> [Material for this task]
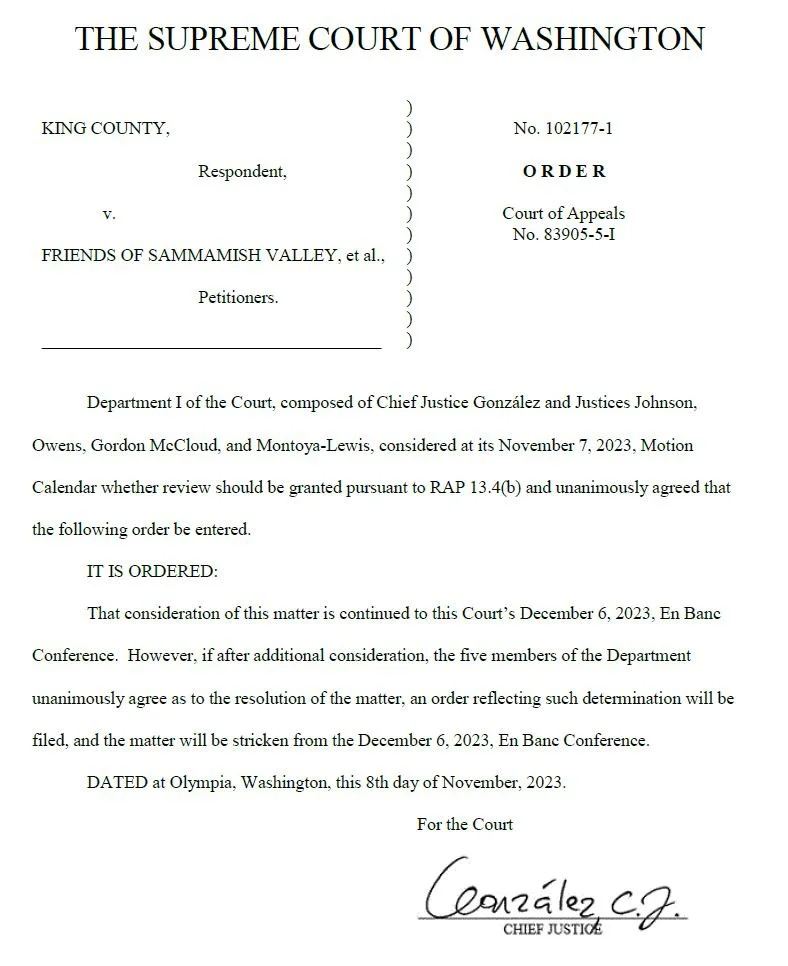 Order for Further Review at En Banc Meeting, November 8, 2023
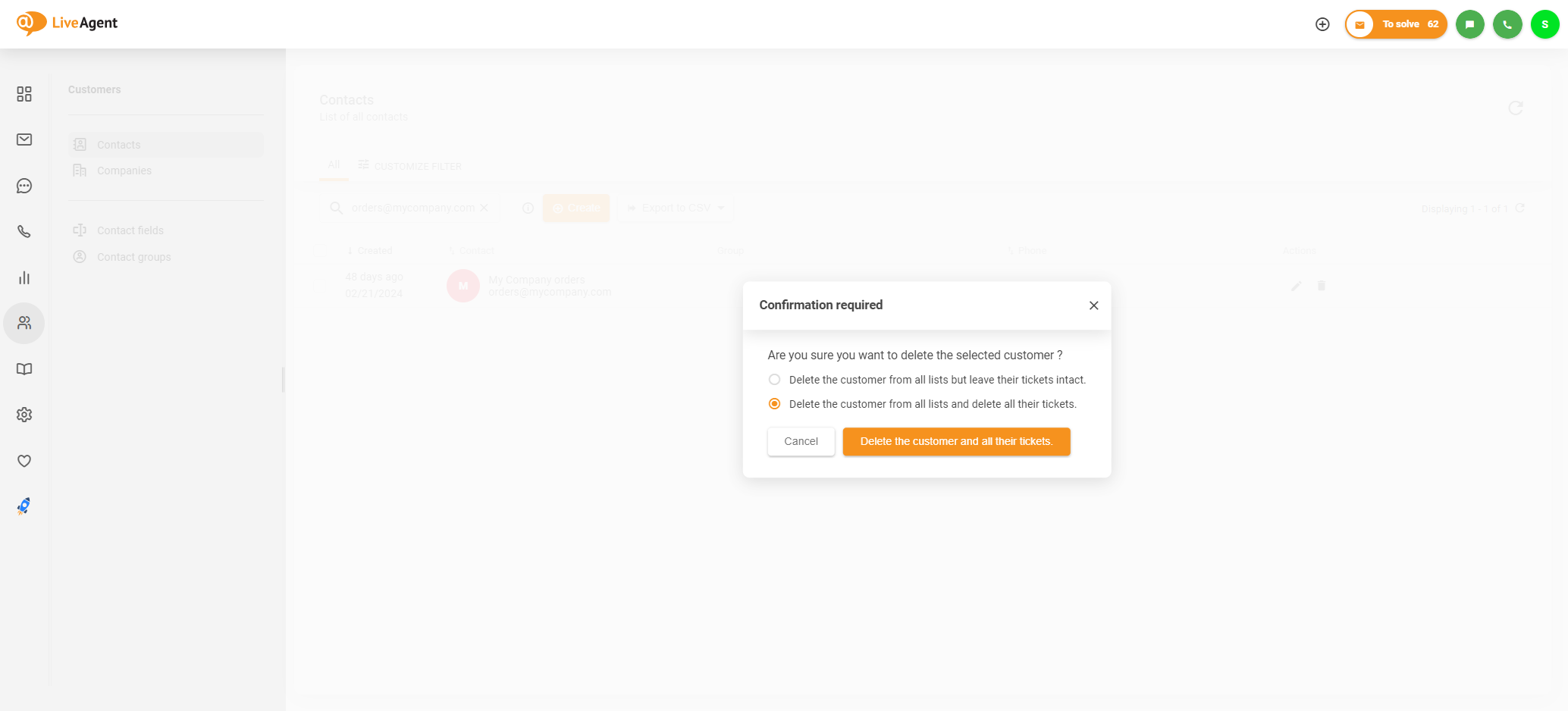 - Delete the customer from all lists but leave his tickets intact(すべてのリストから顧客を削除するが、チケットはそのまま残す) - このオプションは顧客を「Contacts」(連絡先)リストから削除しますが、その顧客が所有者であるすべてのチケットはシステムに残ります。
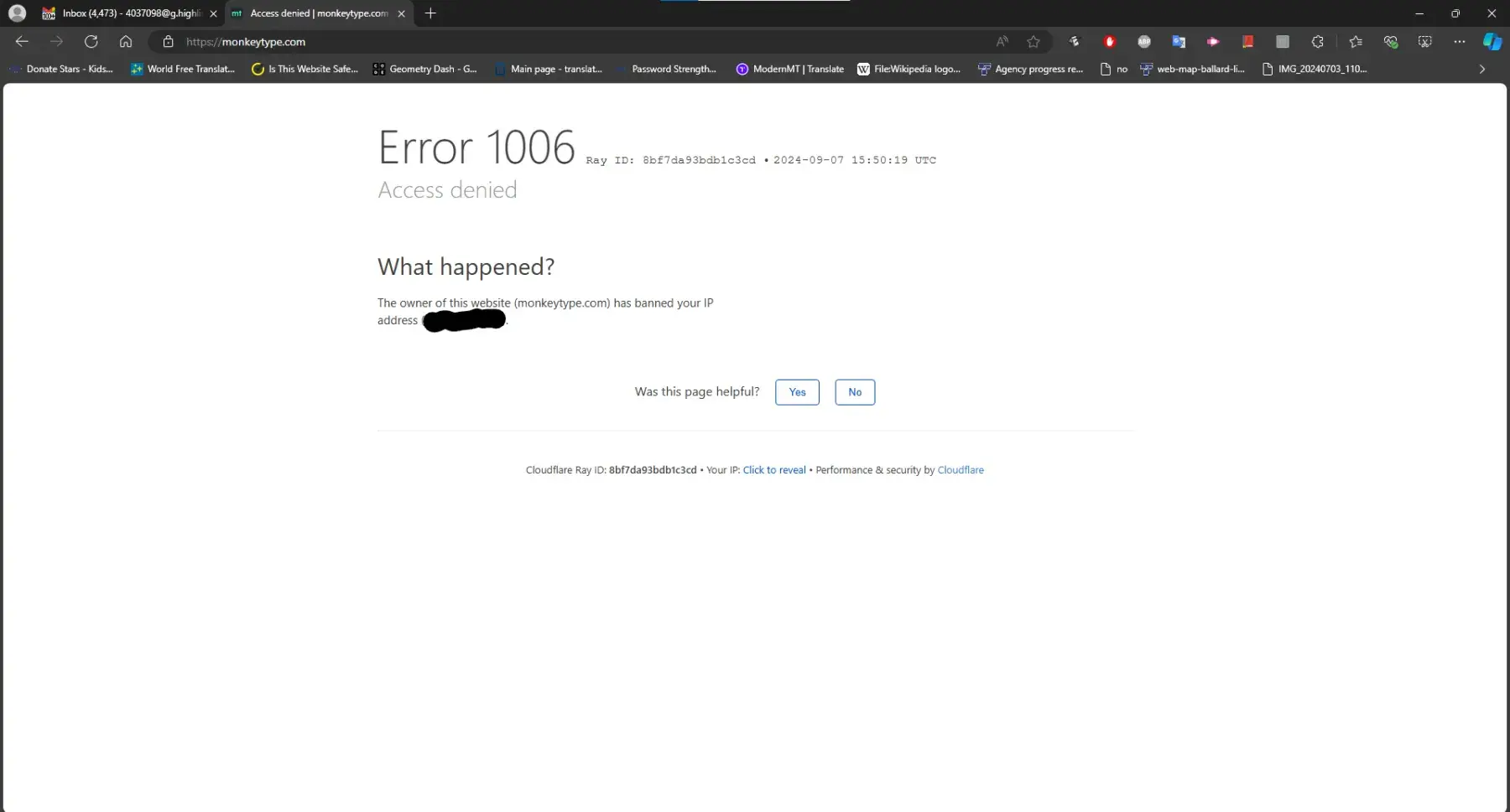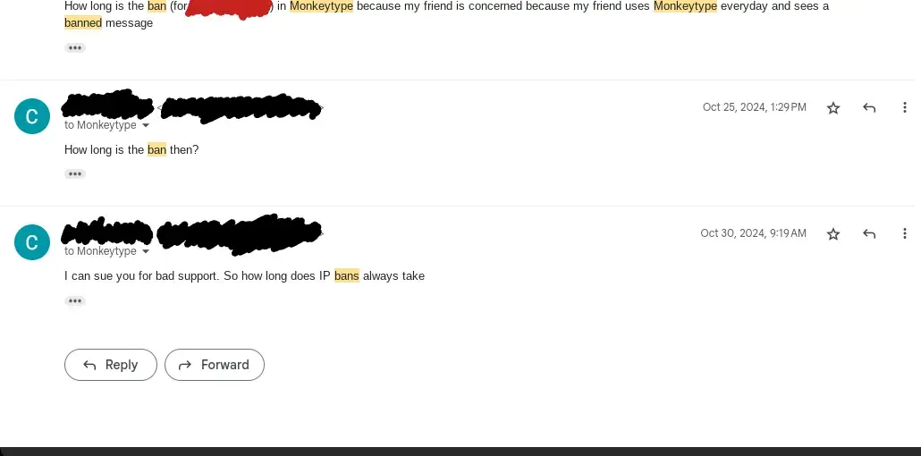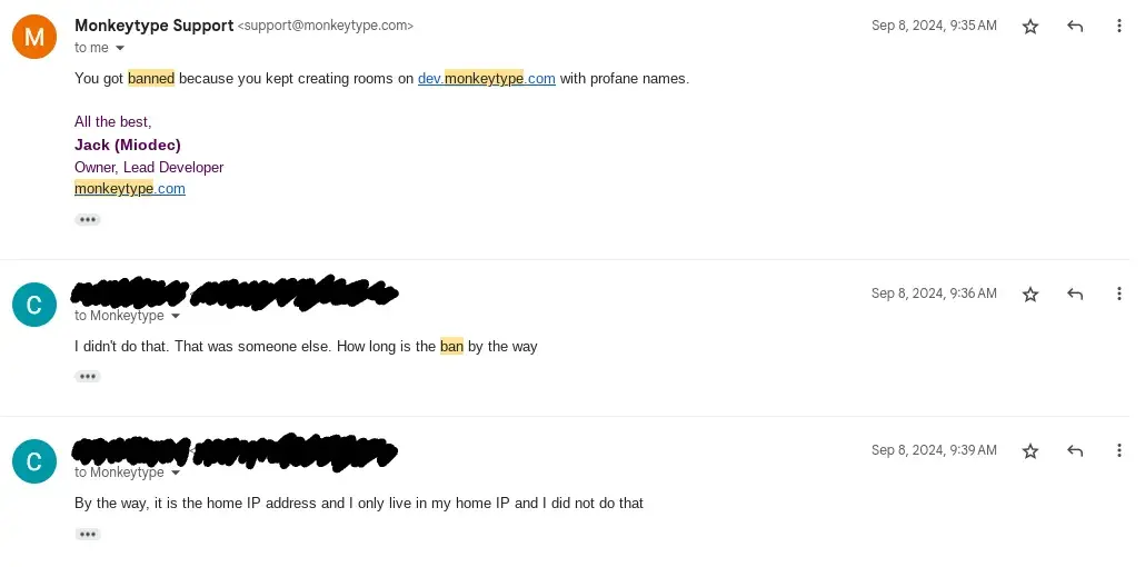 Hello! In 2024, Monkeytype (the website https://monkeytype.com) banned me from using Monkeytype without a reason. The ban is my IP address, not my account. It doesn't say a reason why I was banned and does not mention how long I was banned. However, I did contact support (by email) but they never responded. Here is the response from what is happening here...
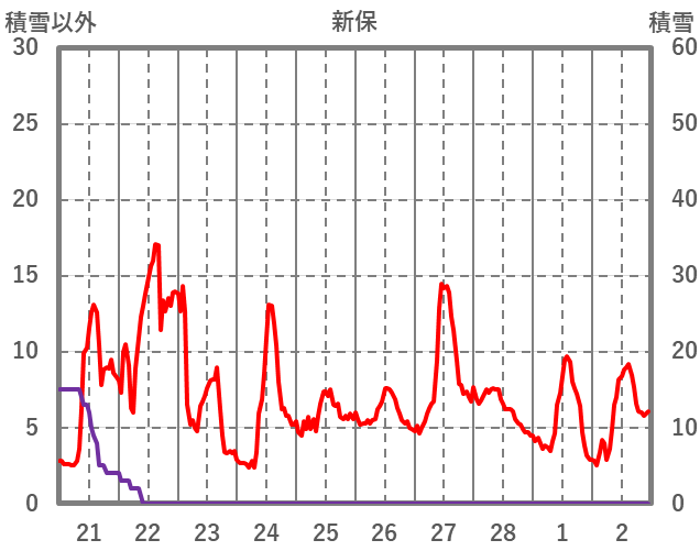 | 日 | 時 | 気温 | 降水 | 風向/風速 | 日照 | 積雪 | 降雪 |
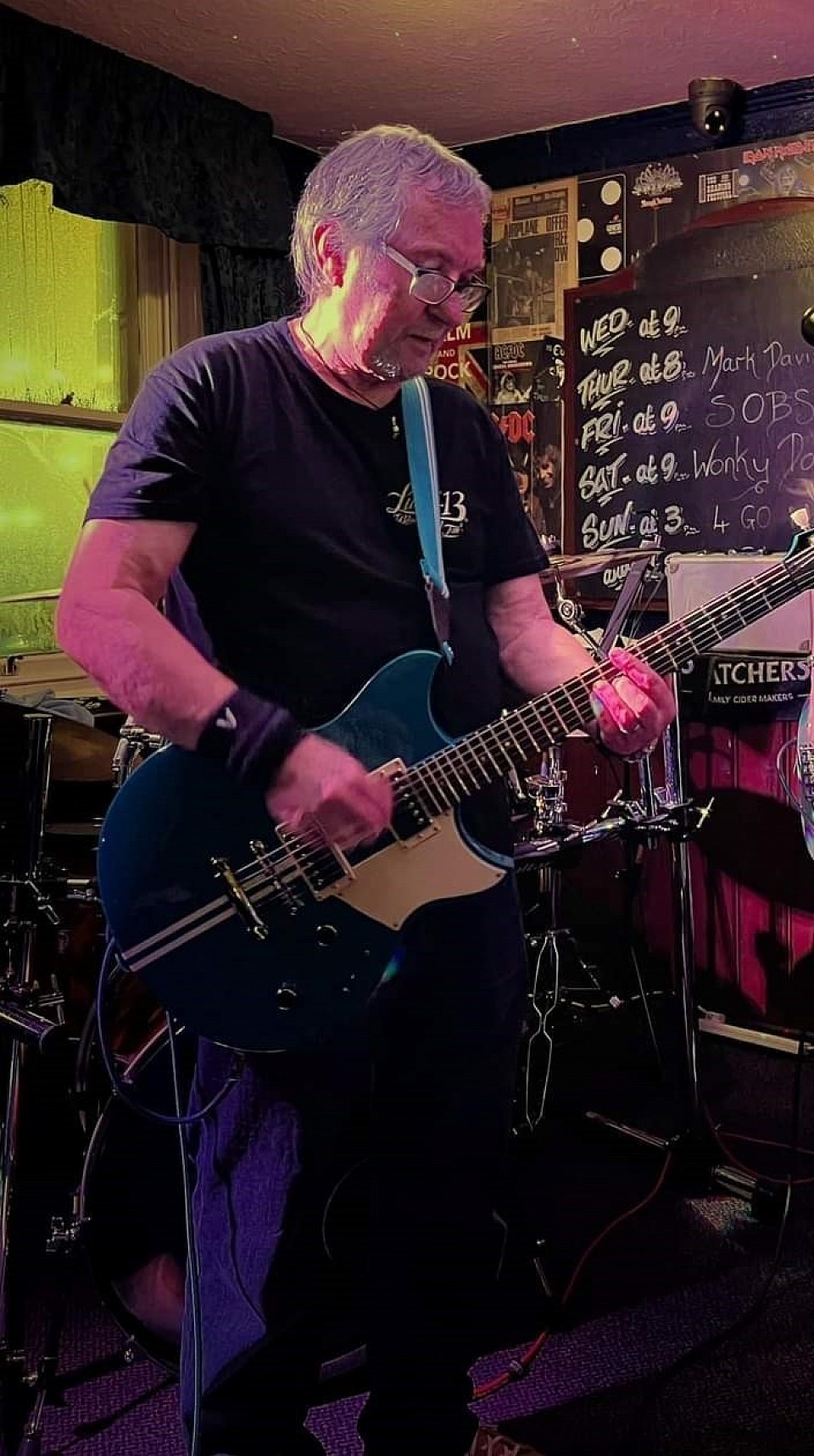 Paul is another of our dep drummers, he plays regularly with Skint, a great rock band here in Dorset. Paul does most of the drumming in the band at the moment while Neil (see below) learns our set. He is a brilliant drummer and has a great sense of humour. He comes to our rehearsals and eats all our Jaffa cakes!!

> [Exercise description] Return the listing above verbatim and exclude every picture.

> [Result for this exercise]
 Order for Further Review at En Banc Meeting, November 8, 2023
 - Delete the customer from all lists but leave his tickets intact(すべてのリストから顧客を削除するが、チケットはそのまま残す) - このオプションは顧客を「Contacts」(連絡先)リストから削除しますが、その顧客が所有者であるすべてのチケットはシステムに残ります。
 Hello! In 2024, Monkeytype (the website https://monkeytype.com) banned me from using Monkeytype without a reason. The ban is my IP address, not my account. It doesn't say a reason why I was banned and does not mention how long I was banned. However, I did contact support (by email) but they never responded. Here is the response from what is happening here...
 | 日 | 時 | 気温 | 降水 | 風向/風速 | 日照 | 積雪 | 降雪 |
 Paul is another of our dep drummers, he plays regularly with Skint, a great rock band here in Dorset. Paul does most of the drumming in the band at the moment while Neil (see below) learns our set. He is a brilliant drummer and has a great sense of humour. He comes to our rehearsals and eats all our Jaffa cakes!!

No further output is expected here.